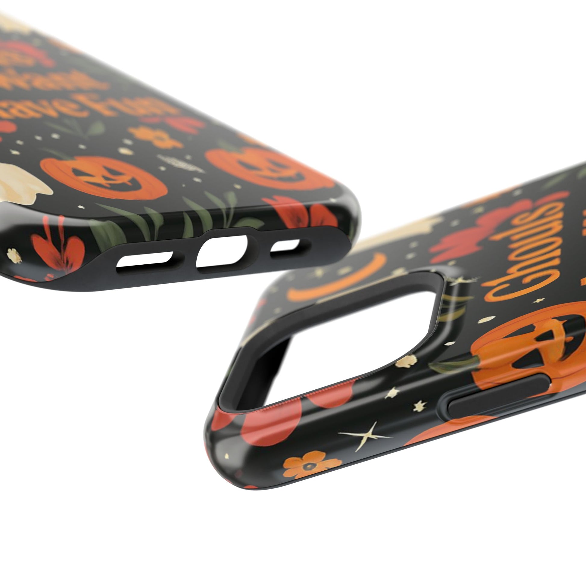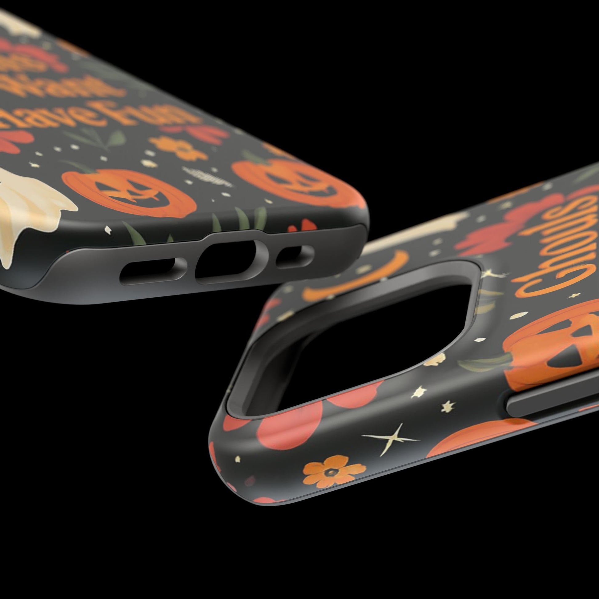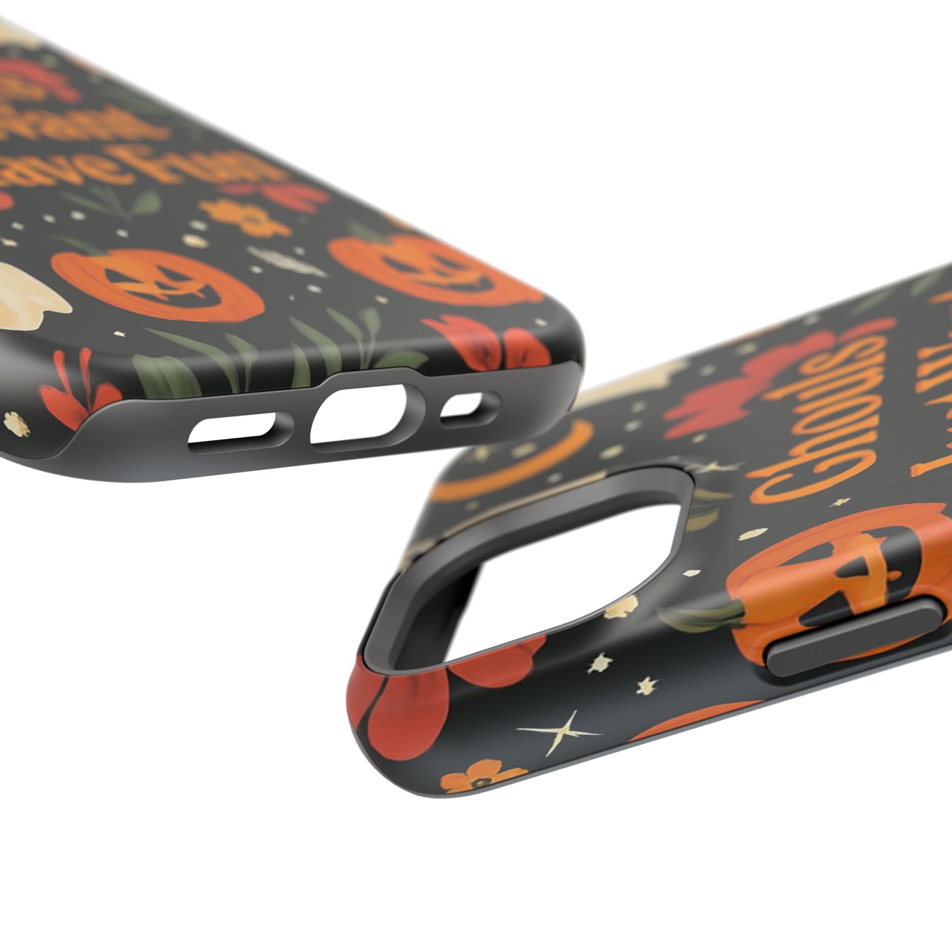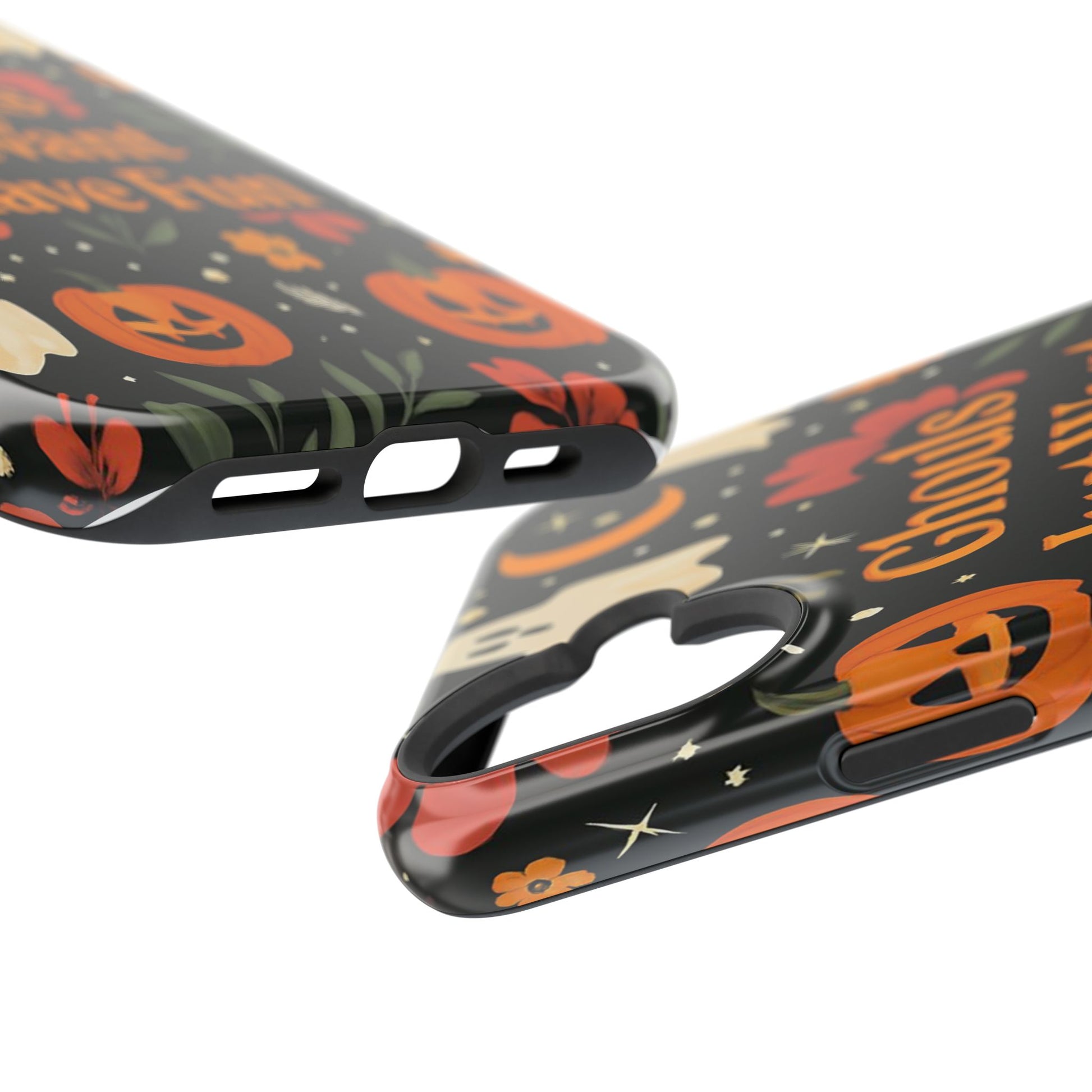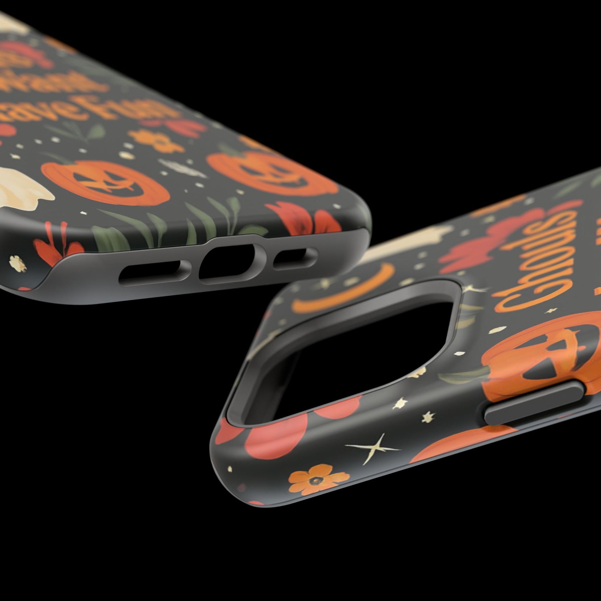 Our Ghouls Just Want To Have Fun iPhone Case brings Halloween flair to your everyday style. Featuring playful ghosts, cheerful pumpkins, and fall florals on a moody black backdrop, this design screams (in the cutest way) fall vibes and ghoul power.
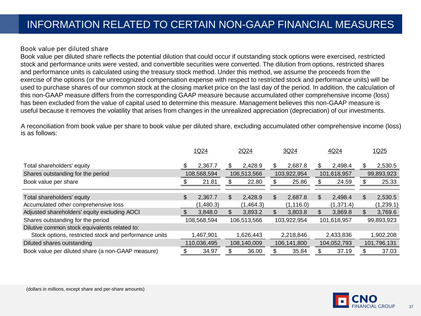 37 Book value per diluted share Book value per diluted share reflects the potential dilution that could occur if outstanding stock options were exercised, restricted stock and performance units were vested, and convertible securities were converted. The dilution from options, restricted shares and performance units is calculated using the treasury stock method. Under this method, we assume the proceeds from the exercise of the options (or the unrecognized compensation expense with respect to restricted stock and performance units) will be used to purchase shares of our common stock at the closing market price on the last day of the period. In addition, the calculation of this non-GAAP measure differs from the corresponding GAAP measure because accumulated other comprehensive income (loss) has been excluded from the value of capital used to determine this measure. Management believes this non-GAAP measure is useful because it removes the volatility that arises from changes in the unrealized appreciation (depreciation) of our investments. A reconciliation from book value per share to book value per diluted share, excluding accumulated other comprehensive income (loss) is as follows: (dollars in millions, except share and per-share amounts) INFORMATION RELATED TO CERTAIN NON-GAAP FINANCIAL MEASURES 1Q24 2Q24 3Q24 4Q24 1Q25 Total shareholders' equity 2,367.7$ 2,428.9$ 2,687.8$ 2,498.4$ 2,530.5$ Shares outstanding for the period 108,568,594 106,513,566 103,922,954 101,618,957 99,893,923 Book value per share 21.81$ 22.80$ 25.86$ 24.59$ 25.33$ Total shareholders' equity 2,367.7$ 2,428.9$ 2,687.8$ 2,498.4$ 2,530.5$ Accumulated other comprehensive loss (1,480.3) (1,464.3) (1,116.0) (1,371.4) (1,239.1) Adjusted shareholders' equity excluding AOCI 3,848.0$ 3,893.2$ 3,803.8$ 3,869.8$ 3,769.6$ Shares outstanding for the period 108,568,594 106,513,566 103,922,954 101,618,957 99,893,923 Dilutive common stock equivalents related to: Stock options, restricted stock and performance units 1,467,901 1,626,443 2,218,846 2,433,836 1,902,208 Diluted shares outstanding 110,036,495 108,140,009 106,141,800 104,052,793 101,796,131 Book value per diluted share (a non-GAAP measure) 34.97$ 36.00$ 35.84$ 37.19$ 37.03$
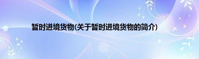 本文关于暂时进境货物的简介就讲解完毕,希望对大家有所帮助。
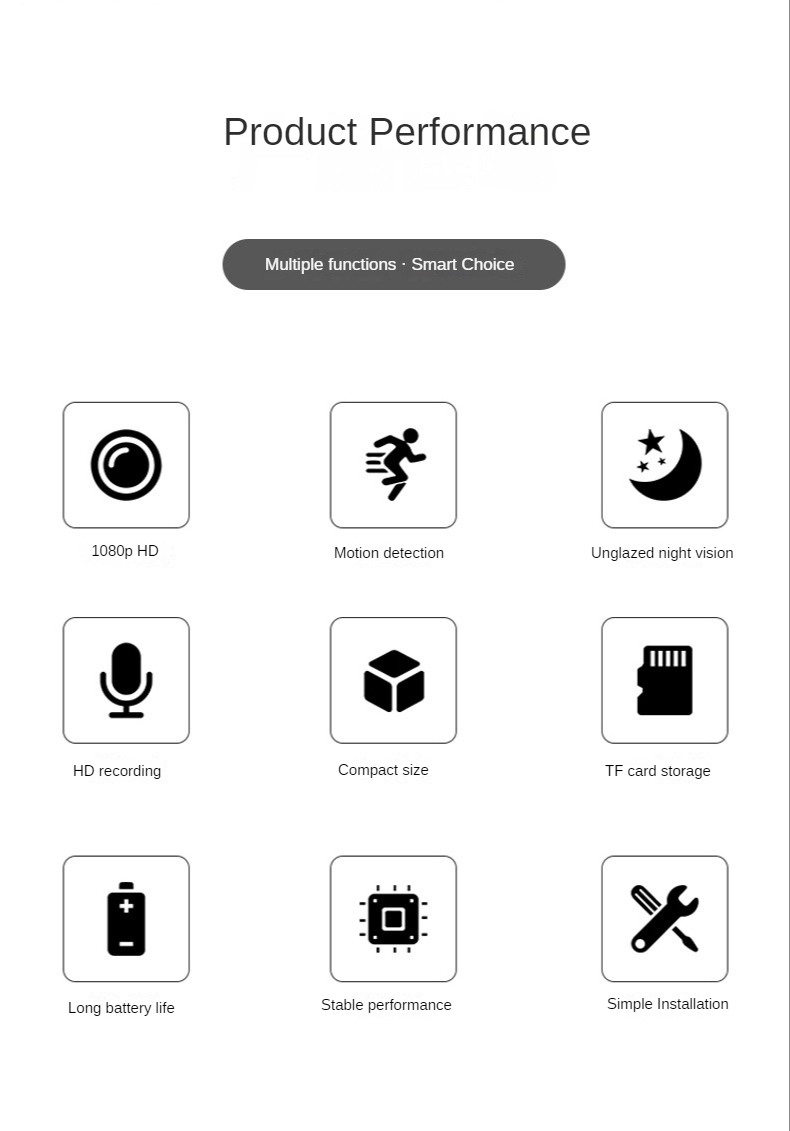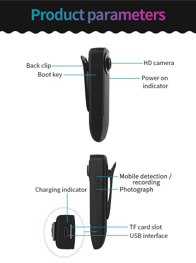 ▪This cameras equipped with both 1080p HD video shoot and high-resolution photo-taking capabilities. The mini camera generates 1080p color HD video at 30 FPS. In standby mode, one-click the top button to take 1920*1080 photos.
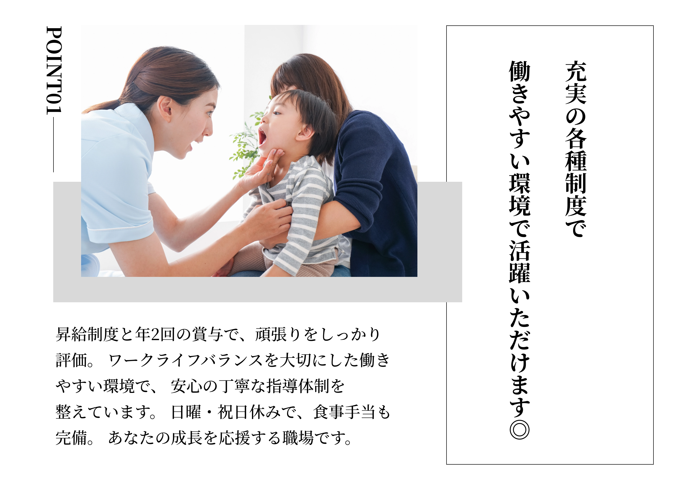【休日】日曜・祝日 ※その他の休日については、シフト制で調整可能です。 |
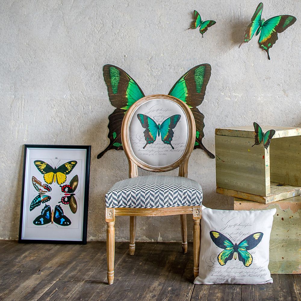 "Бабочки мира" - интерьерная коллекция, объединившая галерею мягких стульев и подушек, часов, картин и постеров, украшенных яркими расцветками экзотических бабочек. Повторив тему на разнообразных предметах интерьера, наслаждаемся коллекционным дизайном, созданным художником словно бы по нашему персональному заказу.
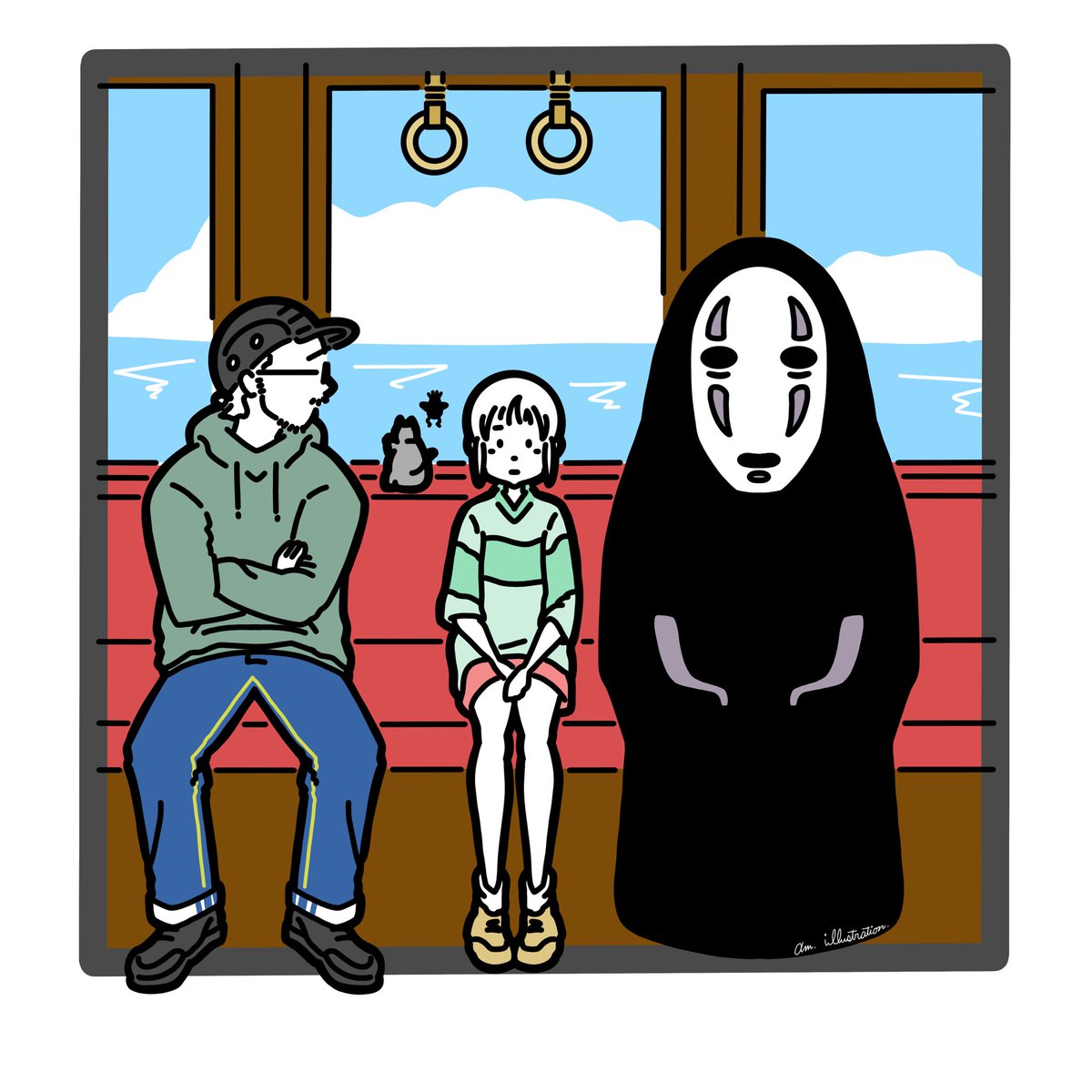 ✒︎#お邪魔しますシリーズ ねぇ、この電車ってどこいくの? 僕も一緒にいっていい? え?いいって?ありがとう! じゃぁお邪魔しまーす! #illust #illustration #Illustrator #artwork #lineart #イラスト #イラストレーター #ラインアート #挿絵 #ジブリ #ghibli #千と千尋の神隠し #カオナシ
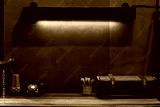 Wooden vintage desk and wall lamp with antique telephone retro style

*-*-*

**What you should do**: The pictures stay out; repeat exactly the lines from the one with "本文关于暂时进境货物的简介就讲解完毕,希望对大家有所帮助。" to the end of the entries above, and nothing else.

**Answer**:
 本文关于暂时进境货物的简介就讲解完毕,希望对大家有所帮助。
 ▪This cameras equipped with both 1080p HD video shoot and high-resolution photo-taking capabilities. The mini camera generates 1080p color HD video at 30 FPS. In standby mode, one-click the top button to take 1920*1080 photos.
【休日】日曜・祝日 ※その他の休日については、シフト制で調整可能です。 |
 "Бабочки мира" - интерьерная коллекция, объединившая галерею мягких стульев и подушек, часов, картин и постеров, украшенных яркими расцветками экзотических бабочек. Повторив тему на разнообразных предметах интерьера, наслаждаемся коллекционным дизайном, созданным художником словно бы по нашему персональному заказу.
 ✒︎#お邪魔しますシリーズ ねぇ、この電車ってどこいくの? 僕も一緒にいっていい? え?いいって?ありがとう! じゃぁお邪魔しまーす! #illust #illustration #Illustrator #artwork #lineart #イラスト #イラストレーター #ラインアート #挿絵 #ジブリ #ghibli #千と千尋の神隠し #カオナシ
 Wooden vintage desk and wall lamp with antique telephone retro style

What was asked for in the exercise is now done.